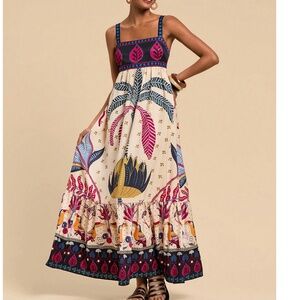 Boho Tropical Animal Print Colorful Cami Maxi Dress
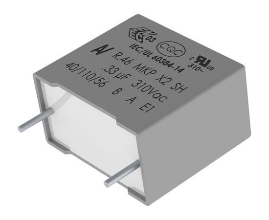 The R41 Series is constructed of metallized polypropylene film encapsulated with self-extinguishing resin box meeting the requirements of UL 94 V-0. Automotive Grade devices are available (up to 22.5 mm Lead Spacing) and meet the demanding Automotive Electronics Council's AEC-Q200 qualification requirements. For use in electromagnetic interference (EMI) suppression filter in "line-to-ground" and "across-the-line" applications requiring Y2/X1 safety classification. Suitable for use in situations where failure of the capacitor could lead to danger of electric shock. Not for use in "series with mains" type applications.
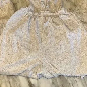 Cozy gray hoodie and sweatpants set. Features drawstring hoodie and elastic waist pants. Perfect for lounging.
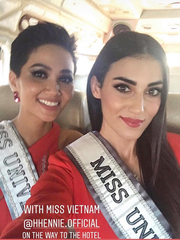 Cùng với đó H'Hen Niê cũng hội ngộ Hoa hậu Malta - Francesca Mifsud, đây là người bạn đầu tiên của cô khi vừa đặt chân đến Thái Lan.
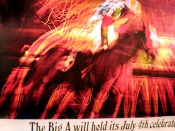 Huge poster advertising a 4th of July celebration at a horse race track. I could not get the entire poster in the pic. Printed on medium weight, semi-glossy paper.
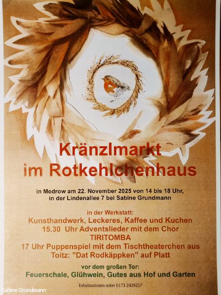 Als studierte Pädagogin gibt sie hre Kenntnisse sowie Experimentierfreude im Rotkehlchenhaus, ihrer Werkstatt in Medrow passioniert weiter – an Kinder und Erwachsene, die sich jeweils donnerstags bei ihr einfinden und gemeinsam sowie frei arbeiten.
--
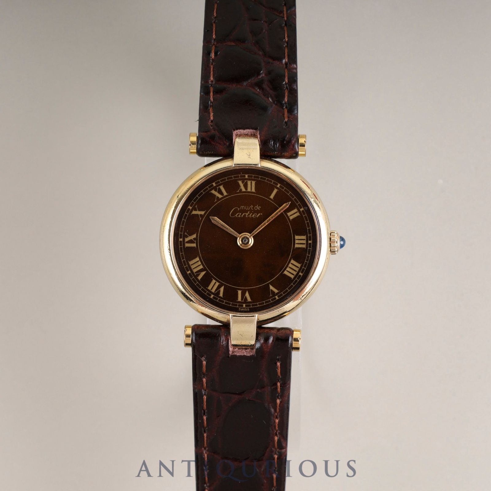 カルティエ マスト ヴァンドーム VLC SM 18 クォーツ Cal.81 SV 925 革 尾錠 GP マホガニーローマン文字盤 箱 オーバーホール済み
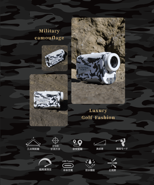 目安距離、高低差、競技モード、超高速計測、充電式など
--
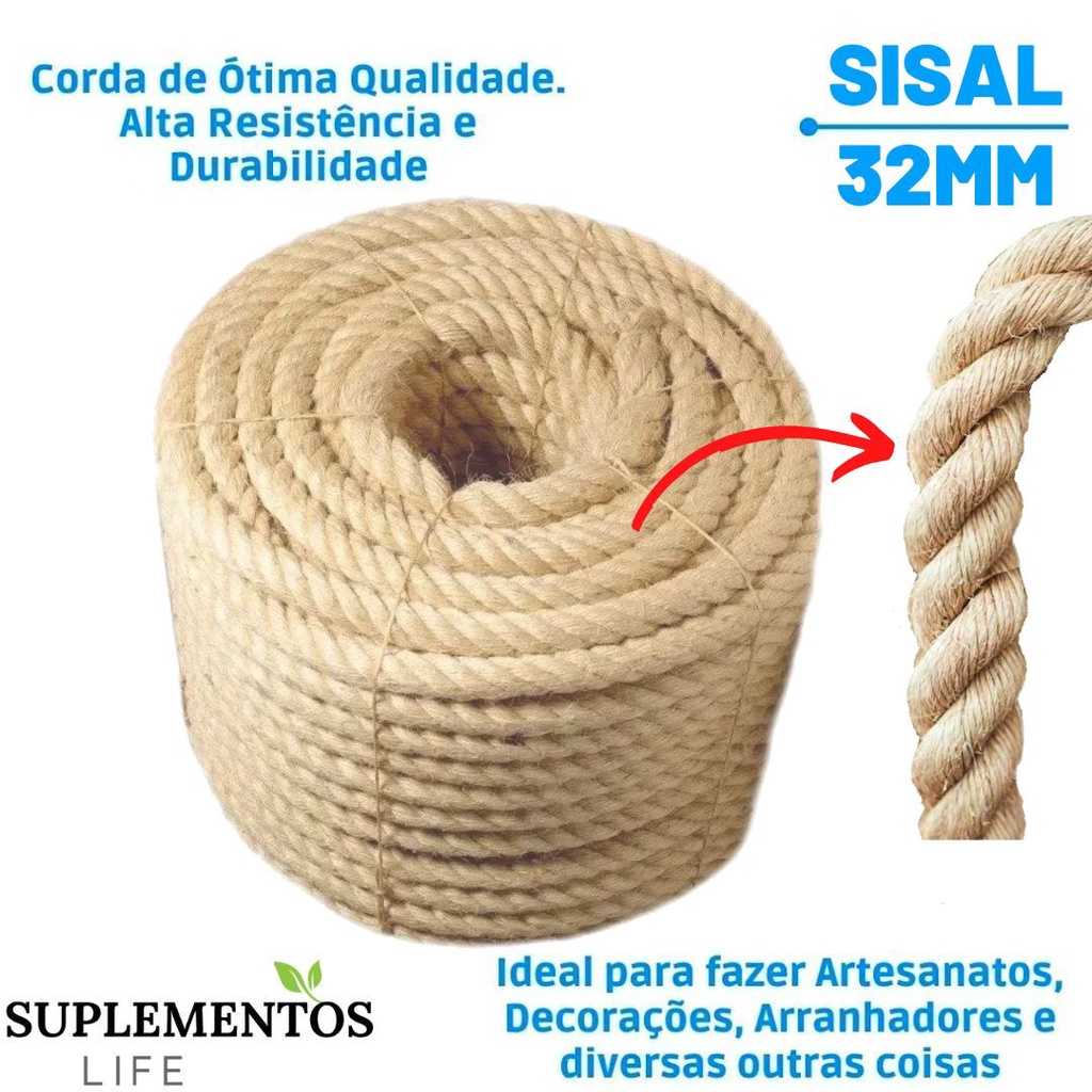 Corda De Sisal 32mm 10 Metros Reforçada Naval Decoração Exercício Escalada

* _ASSIGNMENT_: The answer is those lines of the material above that run from the one containing "Cozy gray hoodie" up to and including the one containing "Huge poster advertising", restated exactly and without images.

* _ANSWER SECTION_:
 Cozy gray hoodie and sweatpants set. Features drawstring hoodie and elastic waist pants. Perfect for lounging.
 Cùng với đó H'Hen Niê cũng hội ngộ Hoa hậu Malta - Francesca Mifsud, đây là người bạn đầu tiên của cô khi vừa đặt chân đến Thái Lan.
 Huge poster advertising a 4th of July celebration at a horse race track. I could not get the entire poster in the pic. Printed on medium weight, semi-glossy paper.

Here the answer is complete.